Соколова: С кем же он оказался в команде?
Леонтьев: Каспаровско-касьяновской сволочи...
Соколова: Михаил – вы в глазах общественности олицетворяете собой образ государственника. У нас с Ксенией есть редкая возможность выяснить из первых рук смысл этого загадочного понятия. Считается, что государственник – это такой специальный мудак с капустой в бороде...
Собчак: Но мы видим, вы – не такой!
Соколова: Я прочитала вашу программную статью – почему-то в эротическом журнале Moulin Rouge. Правда, это достойное произведение как-то затерялось там на фоне обнаженных гениталий.
Леонтьев: Я работал в Издательском доме Родионова, поэтому я не имел права отказаться писать в журнал.
Соколова: Ну что вы, не стоит оправдываться. Это как раз в русле нашей колонки, которая так и называется – «Секс».
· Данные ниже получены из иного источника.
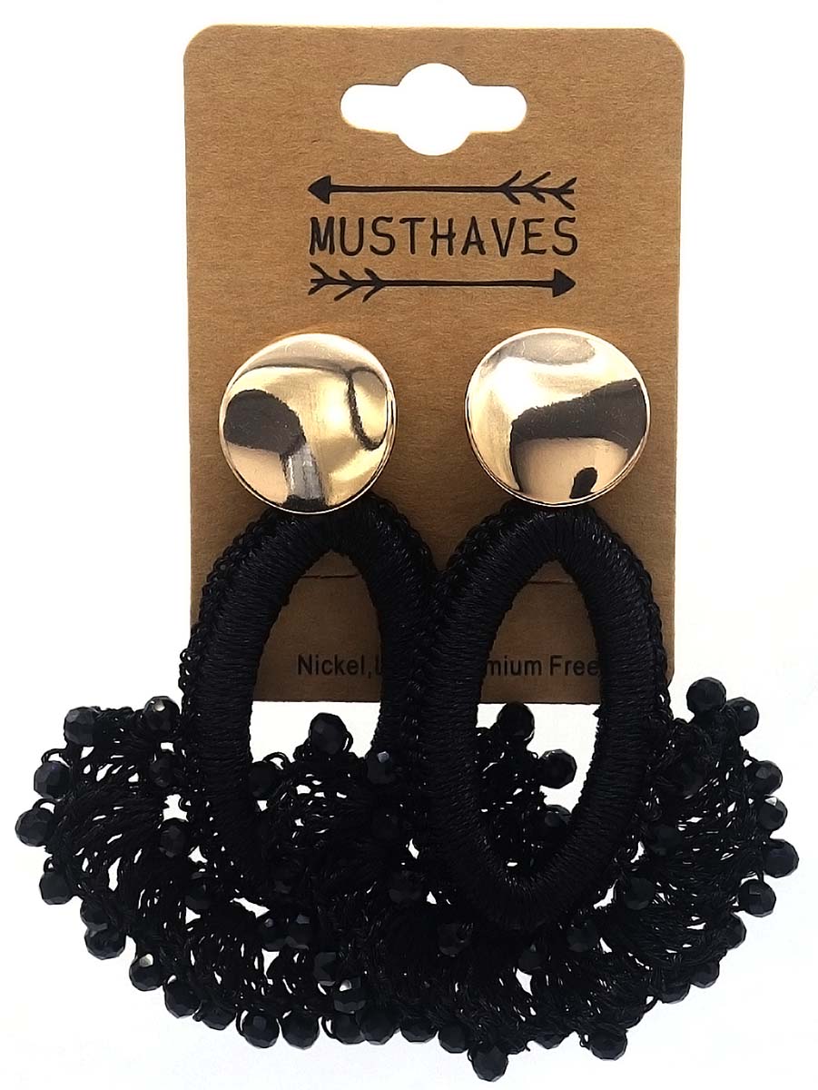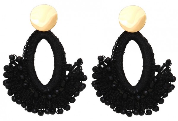 B-D22.3 E1668-001 No. 3 Earrings Glassbeads 7cm Black

Леонтьев: Секс-то у нас с вами и не получится. Это мне напоминает итоги моей беседы в КГБ. Она закончилась фразой: «Откровенного разговора у нас не вышло, но мы надеемся, что мы вас больше не увидим».
Соколова: Как-то так... Но прежде чем мы распрощаемся – я надеюсь, навсегда, – все же расскажите нам, откуда есть пошел истинный российский государственник.
Леонтьев: Чтобы говорить о том, кто такой государственник, надо определить, что такое государство. Под государством мы имеем в виду не любую территорию, наделенную формальными признаками государства, а нечто суверенное. Суверенное государство – то, которое способно принимать решения относительно своей судьбы и проводить их в жизнь. Зачем нужно государство Россия? Может быть, оно вообще не нужно?
Соколова: Не исключено...
Леонтьев :Те, кто так считает, имеют право на существование. Никто их этого права не лишает, в свободной стране живем. Другое дело, как относиться к этим людям и какими наделять их полномочиями.
Собчак: Мне кажется, государство необходимо, чтобы отстаивать интересы гражданина.
Леонтьев: Это концепция «наемный менеджер в государстве». Классическая либеральная концепция. Мы вас наняли, и вы на нас работаете. Пусть мне кто-нибудь докажет, что именно такое государство лучше всего защитит мои права и обеспечит благосостояние. Имеет ли право на существование с точки зрения логистической такая концепция для России? Очевидно, что иностранные менеджеры более профессиональны. Но если нанять иностранного менеджера, получится иностранная оккупация.
Соколова: Почему? Мы же его нанимаем. Кто-то предложил недавно нанять шведа – создателя ИКЕА на должность премьер-министра России, и будет все прекрасно.
Леонтьев: Это вопрос личных симпатий. Но идея наемных менеджеров противоречит идее государства как самоценности.
Соколова: «Государство как самоценность» – эту идею отстаивает настоящий государственник?
Леонтьев: Именно. И я утверждаю, что со мной согласно большинство населения нашей страны.
Собчак: Когда существовал СССР, нам тоже внушали, что государство – главная ценность. Потом СССР рухнул, и нельзя сказать, что огромное количество людей скучает по тем временам.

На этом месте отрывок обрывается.